How does Lambert's W behave near ∞?

Solution 1:

According to Theorem 2.7 of this paper, for every $x \geq e$, $$ \log x - \log \log x + \frac{1}{2}\frac{{\log \log x}}{{\log x}} \le W(x) \le \log x - \log \log x + \frac{e}{{e - 1}}\frac{{\log \log x}}{{\log x}} $$ (with equality only for $x=e$). Note that $\frac{e}{{e - 1}} \approx 1.582$.

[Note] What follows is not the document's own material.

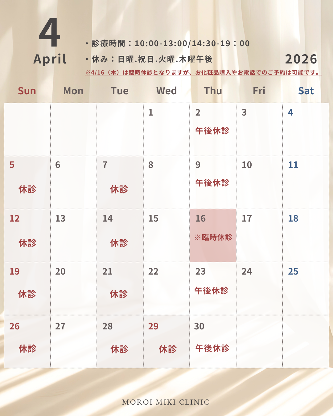 4月の休診日のお知らせです。4月16日(木)は、臨時休診となりますが、お化粧品やサプリメントのご購入、お電話でのご予約は可能です。(診療はしておりません)ご不便おかけいたしますが、ご理解の程よろしくお願いいたします。※午後休診の場合でも、お化粧品やサプリメントのご購入は可能です。

EDIT (cf. Juan's answer). According to Wolfram MathWorld, an asymptotic formula which yields reasonably accurate results for sufficiently large $x$ is $$ W(x) = L_1 - L_2 + \frac{{L_2 }}{{L_1 }} + \frac{{L_2 ( - 2 + L_2 )}}{{2L_1^2 }} + \frac{{L_2 (6 - 9L_2 + 2L_2^2 )}}{{6L_1^3 }} $$ $$ + \frac{{L_2 ( - 12 + 36L_2 - 22L_2^2 + 3L_2^3 )}}{{12L_1^4 }} + \frac{{L_2 (60 - 300L_2 + 350L_2^2 - 125L_2^3 + 12L_2^4 )}}{{60L_1^5 }} + O\bigg[\bigg(\frac{{L_2 }}{{L_1 }}\bigg)^6 \bigg], $$ where $$ L_1 = \log x $$ $$ L_2 = \log \log x. $$ Useful references can be found in that link.

Solution 2:

One of the original papers by Corless et al. on the Lambert function gives the following series expansion at $\infty$ for the (principal branch of the) Lambert function:

$$W_0(z)=\ln\;z-\ln\ln\;z+\sum_{n=1}^\infty\left(\frac{-1}{\ln\;z}\right)^n \sum_{m=1}^n (-1)^m \left[n\atop{n-m+1}\right]\frac{(\ln\ln\;z)^m}{m!}$$

where $\left[n\atop m\right]$ is a Stirling cycle number.